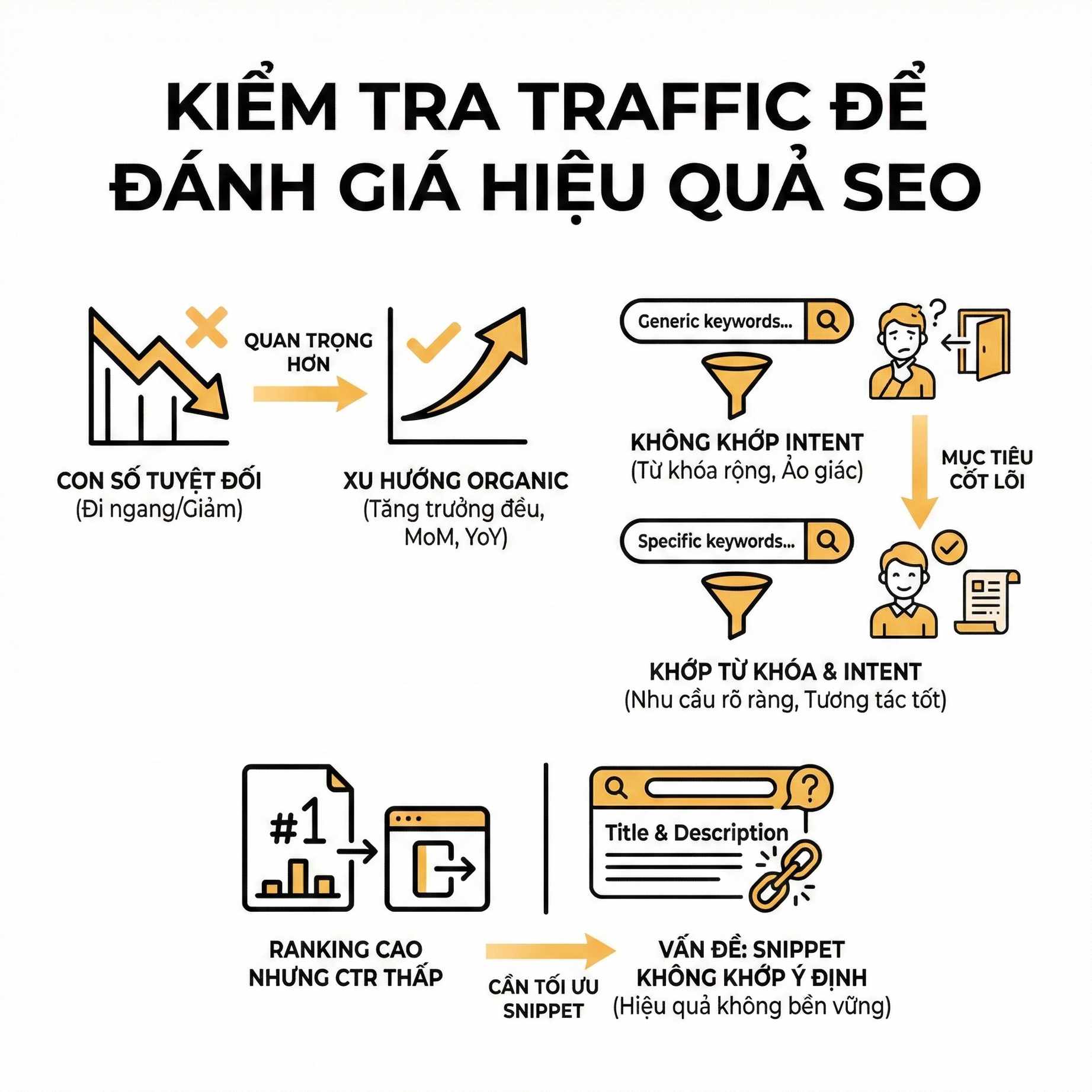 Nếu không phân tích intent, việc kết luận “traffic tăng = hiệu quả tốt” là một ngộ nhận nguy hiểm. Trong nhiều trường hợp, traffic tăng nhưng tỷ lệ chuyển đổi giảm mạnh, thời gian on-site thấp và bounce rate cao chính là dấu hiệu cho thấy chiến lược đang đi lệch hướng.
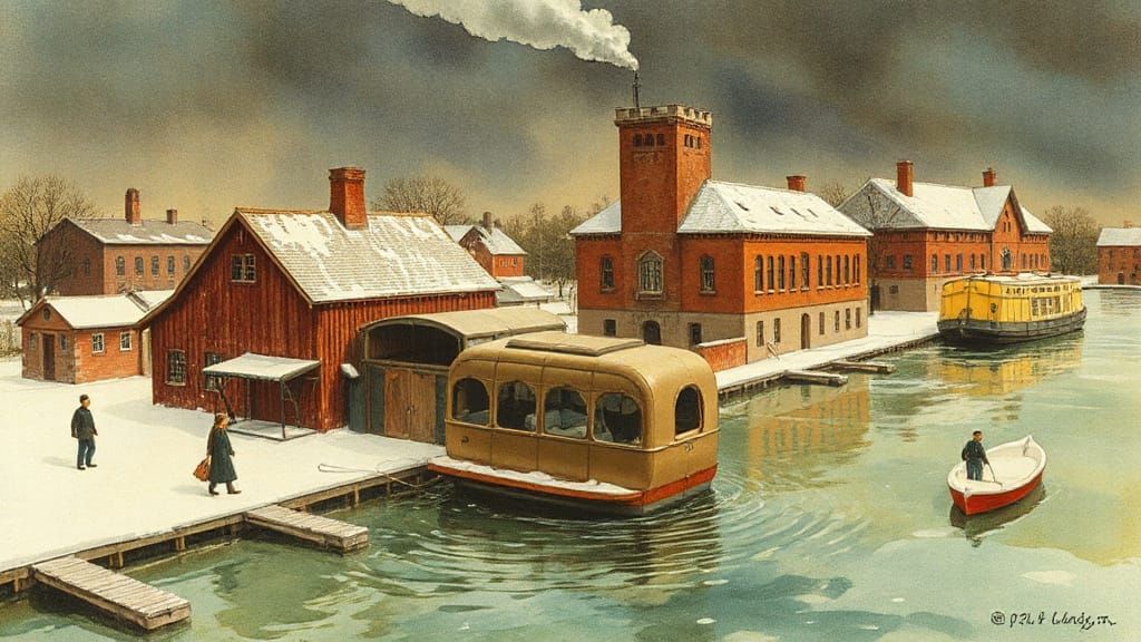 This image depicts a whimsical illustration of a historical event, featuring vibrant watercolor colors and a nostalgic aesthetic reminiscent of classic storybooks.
# # # # #
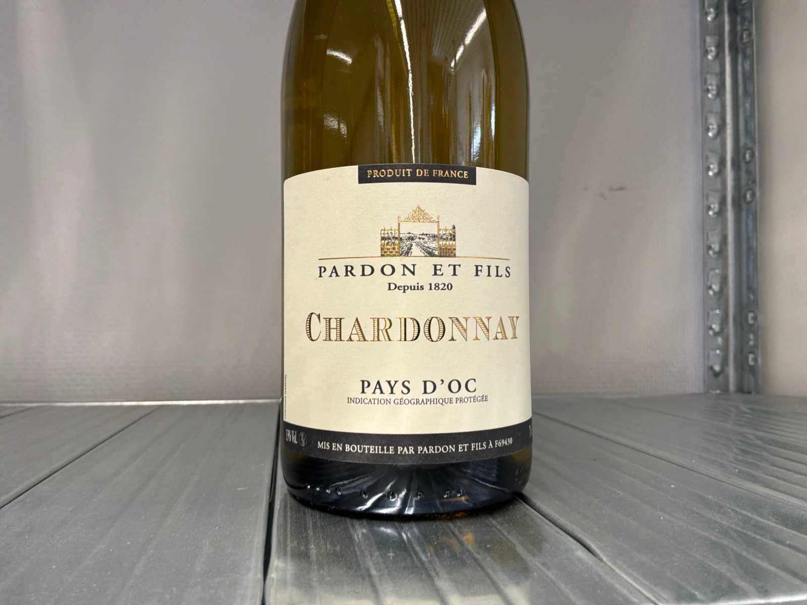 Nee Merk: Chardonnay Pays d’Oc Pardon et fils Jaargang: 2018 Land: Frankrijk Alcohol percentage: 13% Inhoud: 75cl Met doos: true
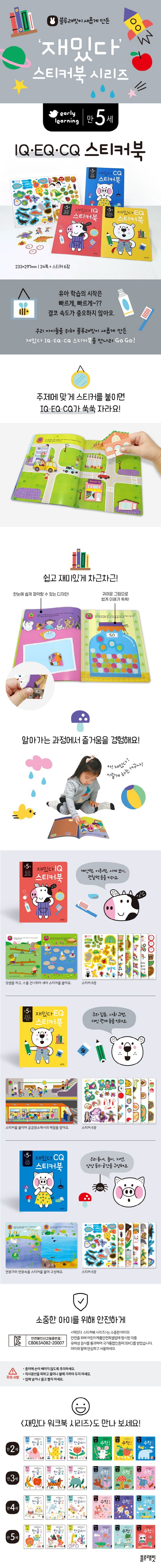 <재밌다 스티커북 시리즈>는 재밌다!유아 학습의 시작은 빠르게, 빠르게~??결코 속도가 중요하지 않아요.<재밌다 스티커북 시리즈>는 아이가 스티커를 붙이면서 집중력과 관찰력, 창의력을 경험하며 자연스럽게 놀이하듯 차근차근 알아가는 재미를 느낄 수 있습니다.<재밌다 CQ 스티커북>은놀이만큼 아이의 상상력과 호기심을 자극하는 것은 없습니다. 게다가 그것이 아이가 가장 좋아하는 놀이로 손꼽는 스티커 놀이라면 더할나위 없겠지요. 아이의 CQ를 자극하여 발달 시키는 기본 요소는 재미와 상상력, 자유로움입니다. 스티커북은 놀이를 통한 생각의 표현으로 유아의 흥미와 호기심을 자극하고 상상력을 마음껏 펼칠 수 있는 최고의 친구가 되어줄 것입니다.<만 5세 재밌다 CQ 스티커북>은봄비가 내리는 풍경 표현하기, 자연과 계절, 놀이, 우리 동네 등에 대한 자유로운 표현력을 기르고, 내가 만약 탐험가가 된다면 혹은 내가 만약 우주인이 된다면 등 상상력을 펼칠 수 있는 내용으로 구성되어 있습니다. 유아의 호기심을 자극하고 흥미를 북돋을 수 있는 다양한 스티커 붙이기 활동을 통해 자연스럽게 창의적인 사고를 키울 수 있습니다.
# # # # #
**WORK TASK:** A clean copy is needed of the lines in the listing above from the one with "Nếu không phân" through the one with "This image depicts", exact in every word and free of pictures.

**EXERCISE RESPONSE:**
 Nếu không phân tích intent, việc kết luận “traffic tăng = hiệu quả tốt” là một ngộ nhận nguy hiểm. Trong nhiều trường hợp, traffic tăng nhưng tỷ lệ chuyển đổi giảm mạnh, thời gian on-site thấp và bounce rate cao chính là dấu hiệu cho thấy chiến lược đang đi lệch hướng.
 This image depicts a whimsical illustration of a historical event, featuring vibrant watercolor colors and a nostalgic aesthetic reminiscent of classic storybooks.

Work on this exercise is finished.